• _EXERCISE MATERIAL_:
• • •

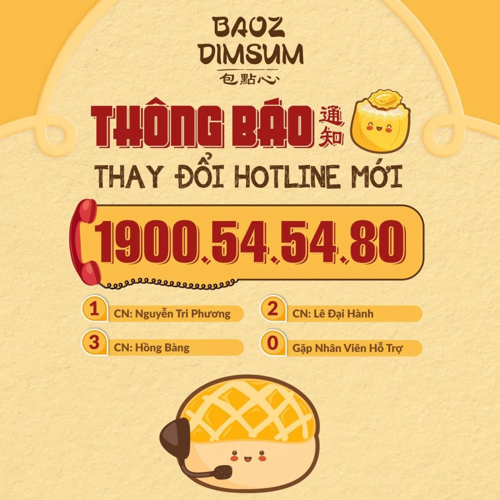Hotline của Baoz Dimsum nay đã chính thức đổi sang số mới – để mỗi cuộc gọi được chăm sóc tận tâm và mỗi bữa ăn thêm phần trọn vẹn.
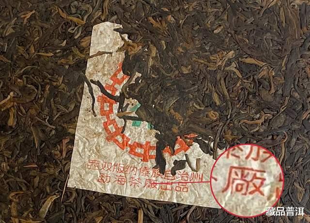 这个傣文符号是怎么来的呢?早年普洱茶包装统一,而且没印日期,大家很难判断年份。为了解决这个问题,阮殿蓉厂长和厂里的技术人员想了不少办法,最后注意到勐海茶厂的门头、公章上都有傣文字样,就决定把“茶”字的傣文印在内飞右下角。
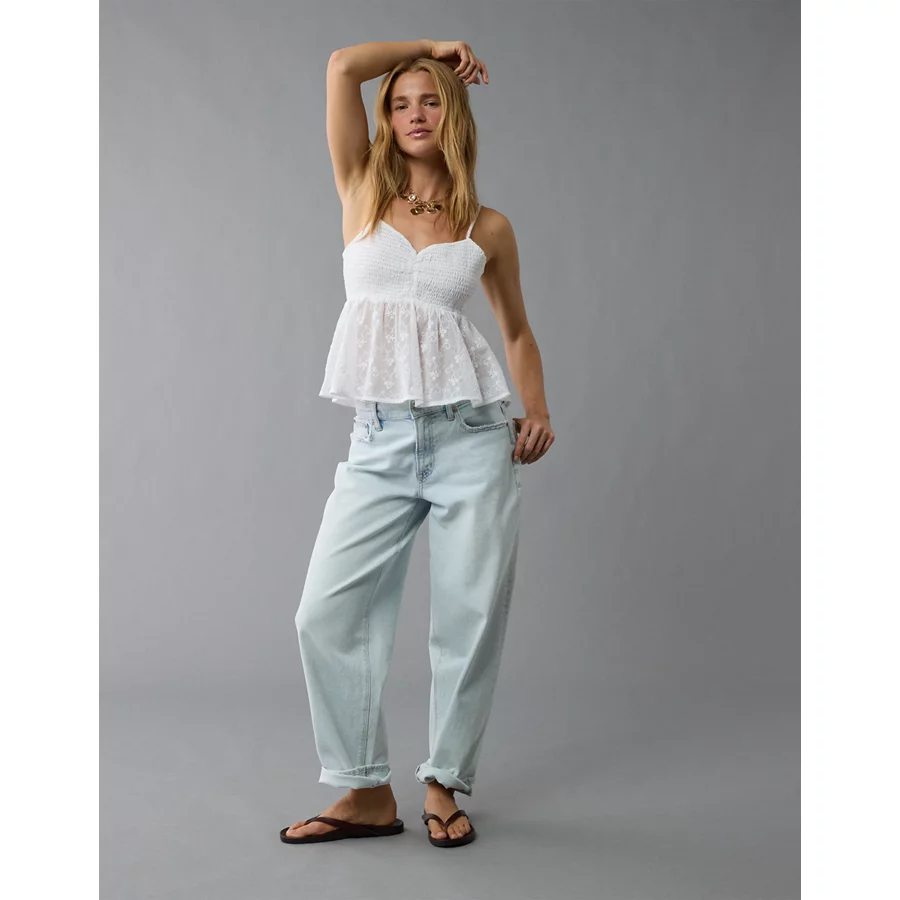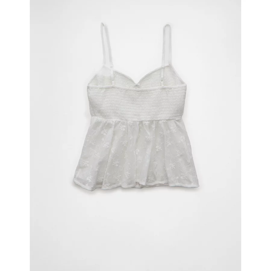 AE V-Neck Smocked Babydoll Cami – White
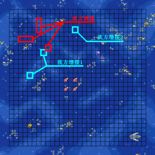 | 战术指南: 劾每回和使用必闪和集中,唯一击破他的方法就是当他攻击时主动反击把他的必闪耗掉,然后下回合挂必中热血KO掉他。第三回合劾还在的话会强制发生剧情,所以要在上一回合就结果掉他。两人再度出现后,SP是会补满的,所以不用吝啬。击破劾发生剧情,新敌人增援,我方增援等等。敌人剩余1机后,イバリューター增援,与リーブ战斗后会发生剧情,主角回来了!ロウ的垃圾船也可以使用,リーブ随后撤退,要一击杀掉她是不大可能的…… |
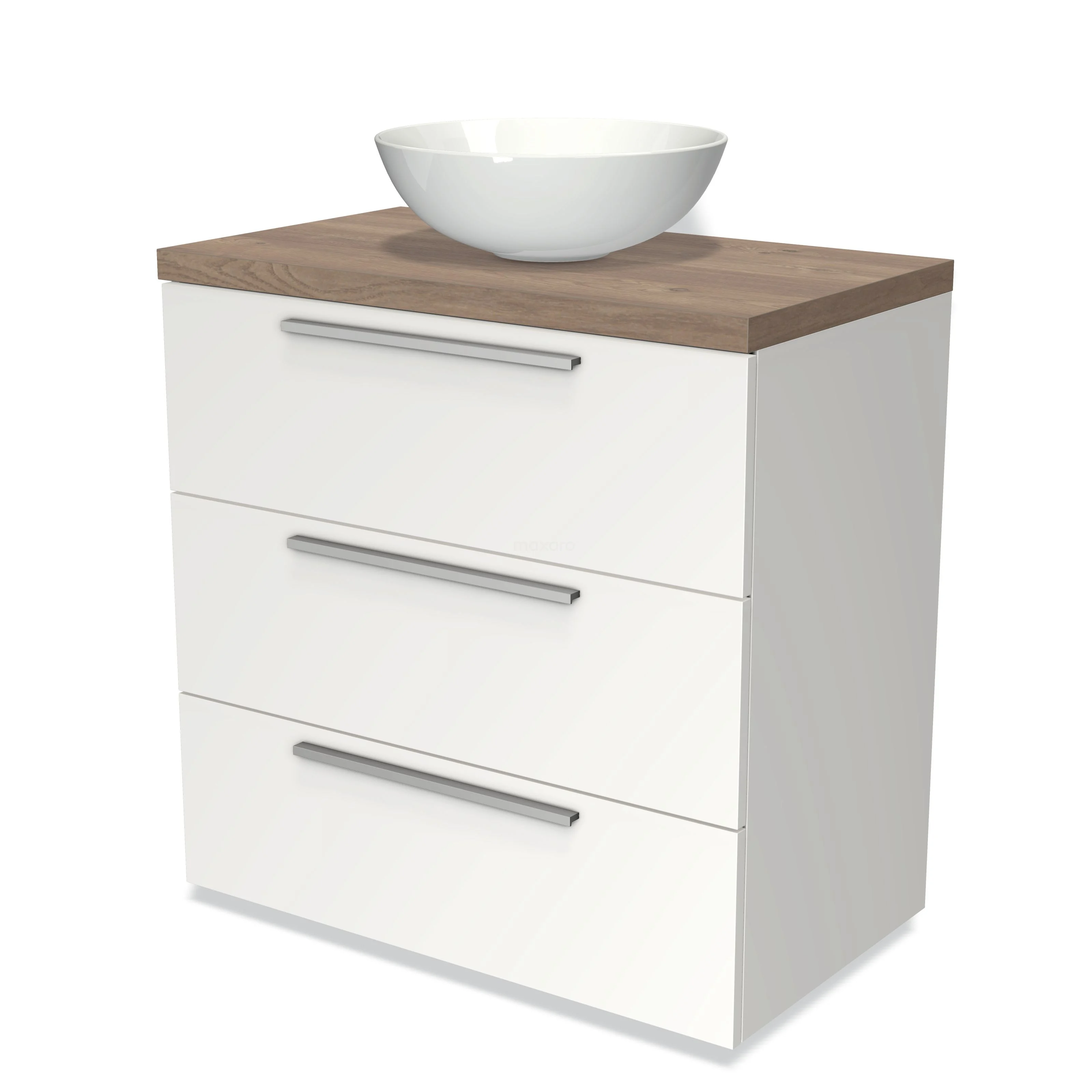 Badmöbel für Aufsatzwaschbecken 80cm Modulo Plato Matt Weiß 3 Schubladen Flach Mittelbraune Eiche Platte
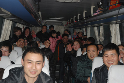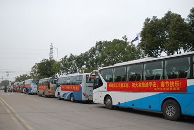 今年春節(jié),公司在安徽六安、江西廣豐、河南鄭州、湖北武漢、湖南長沙等員工較集中的方向設(shè)置了10條線路的包車,除利用其他方式回鄉(xiāng)的員工,共有365人乘坐包車。在傳動鏈?zhǔn)聵I(yè)部工作的江西員工袁根英說,以前每年回家都很難買到火車票,而且要到很遠的蕭山南站坐火車很不方便,自從近年公司組織包車送他們回家后,她說又方便又省心了,感覺很溫暖,企業(yè)為員工考慮的很周到,感激之情溢于言表。
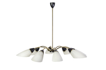 This beautiful Mid-Century Modernist chandelier features a spider form design brass frame and black details with (8) conical glass shades.
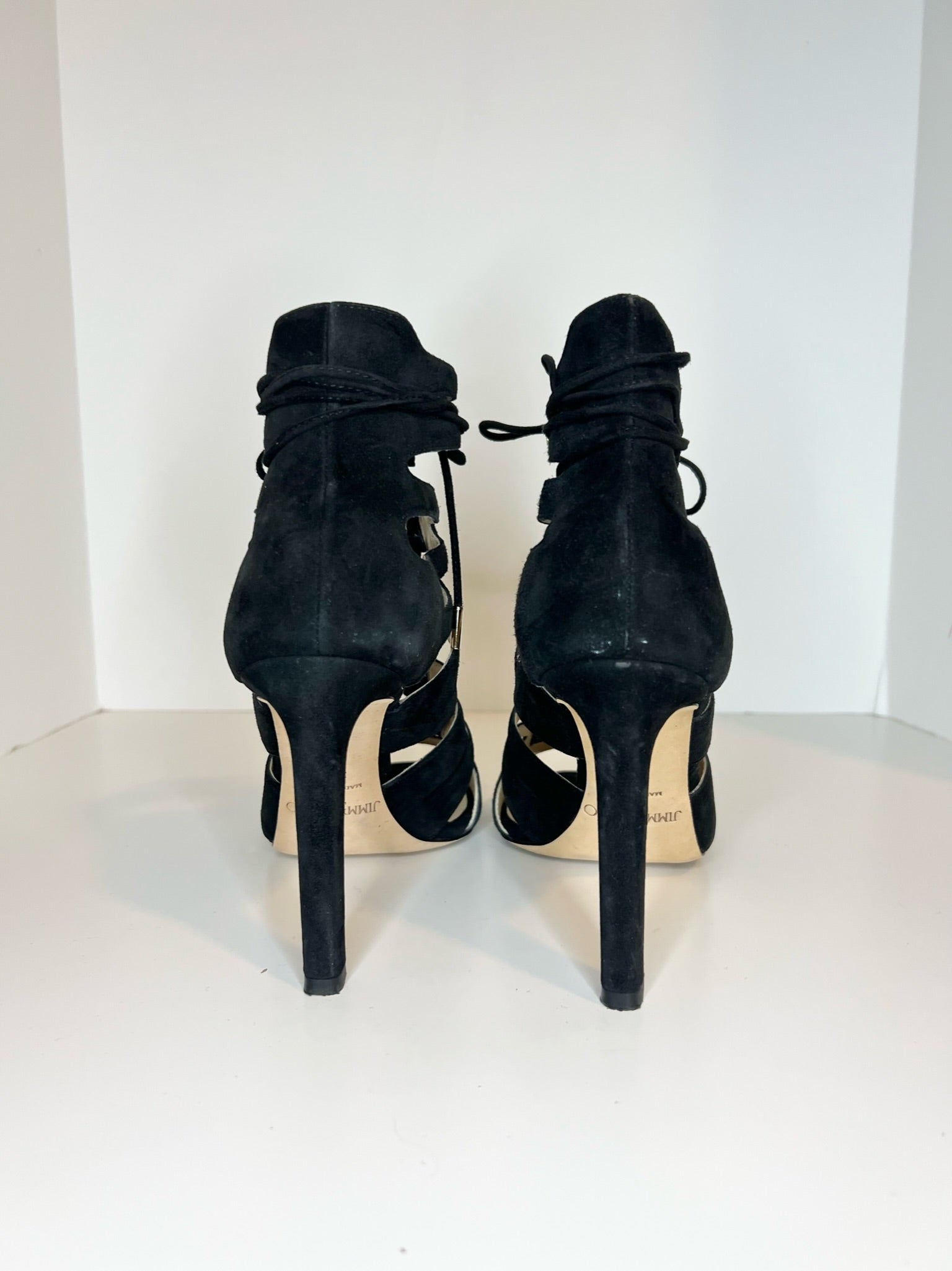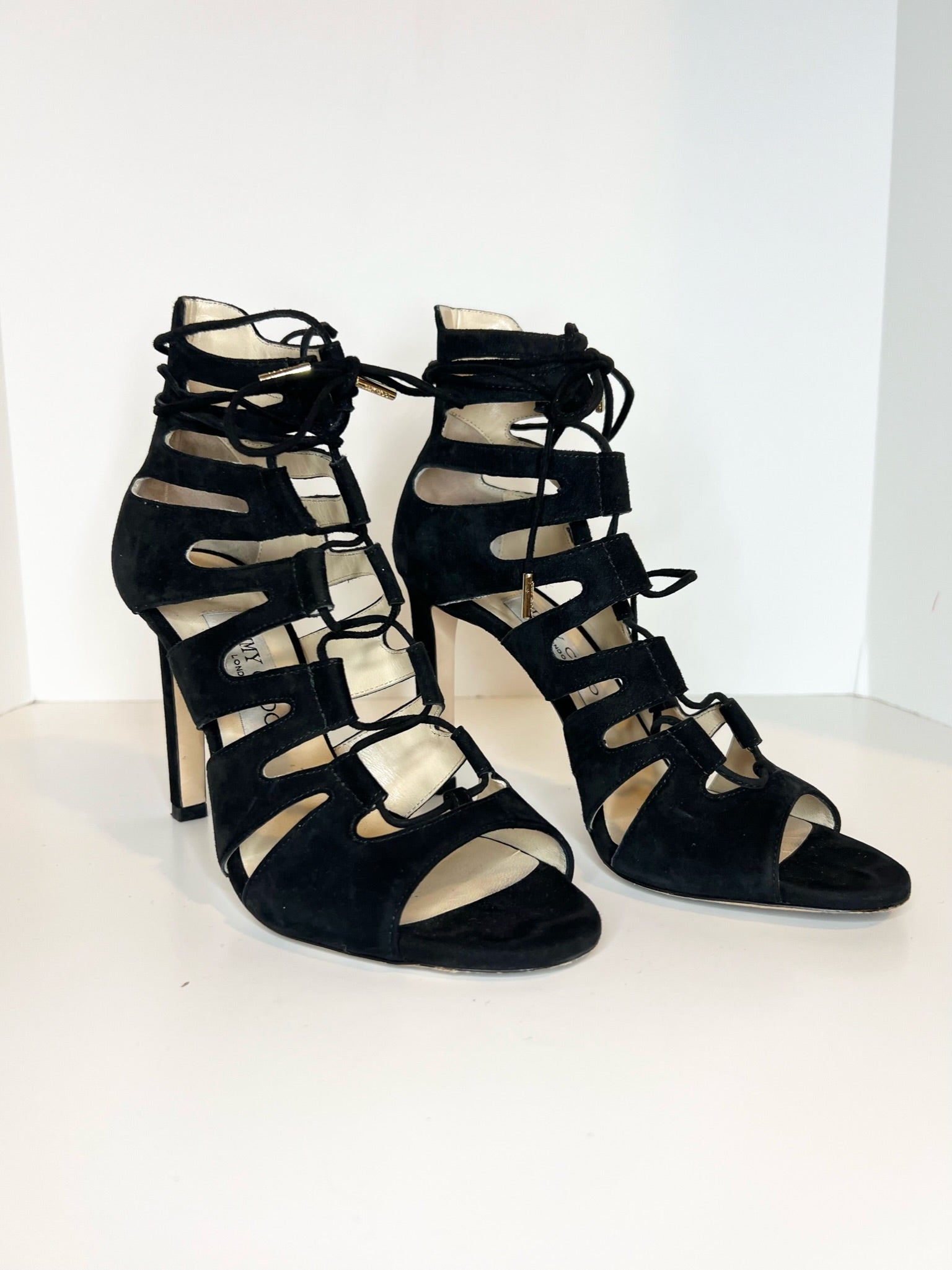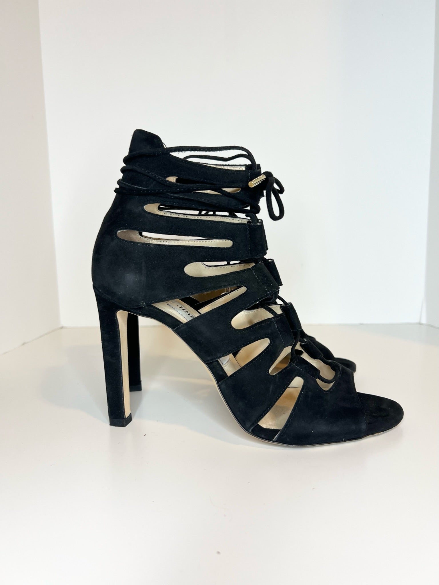 Jimmy Choo Black Suede Gladiator Sandals, Size 37.5
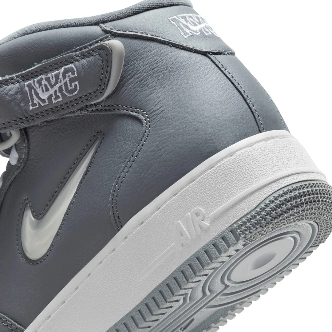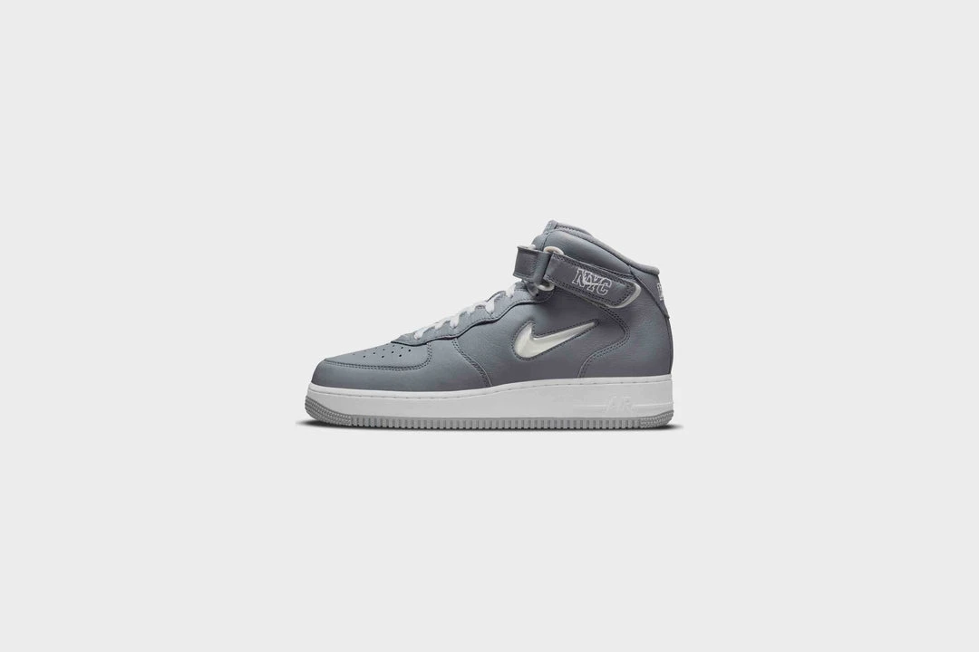 If you were walking through New York City in the late ’90s or early ’00s with a pair of Cool Grey and jewel Swoosh Air Force 1s, you were probably turning the most heads on the block. Coming in many different flavours and styles, the Air Force 1 ruled the city’s sneaker culture at that time, and to celebrate that legacy, this makeup is here to bring back the vibes. With a much-loved Cool Grey upper, Metallic Silver jewel Swooshes and an OG shape, this special edition ‘NYC’ Air Force 1 Mid Jewel celebrates the city, its style and all sneaker-loving New Yorkers.

• • •

• _EXERCISE OBJECTIVE_: Using the listing above, repeat word for word each line from the one with "Badmöbel für Aufsatzwaschbecken" down to the one with "Jimmy Choo Black", both included. Omit all pictures.

• _WRITTEN RESPONSE_:
 Badmöbel für Aufsatzwaschbecken 80cm Modulo Plato Matt Weiß 3 Schubladen Flach Mittelbraune Eiche Platte
 今年春節(jié),公司在安徽六安、江西廣豐、河南鄭州、湖北武漢、湖南長沙等員工較集中的方向設(shè)置了10條線路的包車,除利用其他方式回鄉(xiāng)的員工,共有365人乘坐包車。在傳動鏈?zhǔn)聵I(yè)部工作的江西員工袁根英說,以前每年回家都很難買到火車票,而且要到很遠的蕭山南站坐火車很不方便,自從近年公司組織包車送他們回家后,她說又方便又省心了,感覺很溫暖,企業(yè)為員工考慮的很周到,感激之情溢于言表。
 This beautiful Mid-Century Modernist chandelier features a spider form design brass frame and black details with (8) conical glass shades.
 Jimmy Choo Black Suede Gladiator Sandals, Size 37.5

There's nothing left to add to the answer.